Sri Lankan President Mahinda Rajapakse yesterday rejected international calls to withdraw troops from the island’s former war zone as he marked the third anniversary of crushing Tamil rebels.
Rajapakse, in a national address, said he could not dismantle military camps in the embattled regions and undermine national security in a country emerging from nearly four decades of ethnic bloodshed.
“The diaspora has not stopped their activities [against Sri Lanka],” Rajapakse said, referring to Tamil separatists abroad. “It is no secret that LTTE [Liberation Tigers of Tamil Eelam] leaders are freely operating abroad.”
“Some are shouting ‘remove camps, remove camps,’” Rajapakse said in his televised speech made at a military parade grounds in the capital.
“These camps are not in another country. We have troops elsewhere in the country as well,” he added.
Rajapakse’s remarks came hours after US Secretary of State Hillary Rodham Clinton told Sri Lankan Foreign Minister Gamini Lakshman Peiris in Washington that Colombo should demilitarize the embattled north and do more to protect human rights.
Last month, a delegation of Indian lawmakers also urged Sri Lanka to pull its heavy military presence out of the northern region, where the final battles were fought and the Tamil Tigers defeated in May 2009.
Rajapakse denied that his forces were involved in the civil administration in the Tamil-dominated north, but made it clear that troops would not be removed.
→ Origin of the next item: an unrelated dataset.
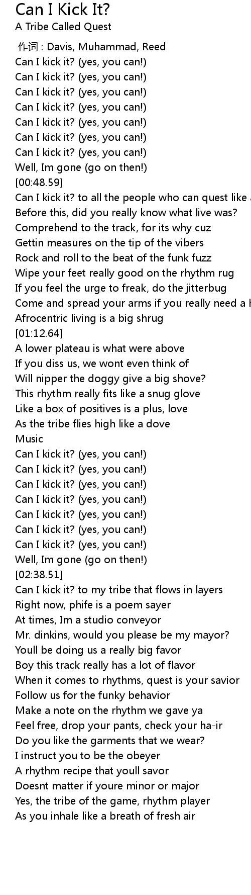 | [02:18.63] | Can I kick it? (yes, you can!) |

“What the Eelamist [those who support the Tamil separatist cause] terrorists could not do [dislodge the army from the north] through decades of war, they are now trying to achieve through other means,” Rajapakse said. “We will not allow it.”
Rajapakse’s troops ended 37 years of ethnic bloodshed by killing the leadership of the Tamil Tigers in a no-holds-barred final offensive.
The offensive triggered allegations of war crimes with rights groups saying that up to 40,000 civilians perished in the last months of fighting alone.
The UN estimates about 100,000 people died during Sri Lanka’s ethnic conflict from 1972 to 2009.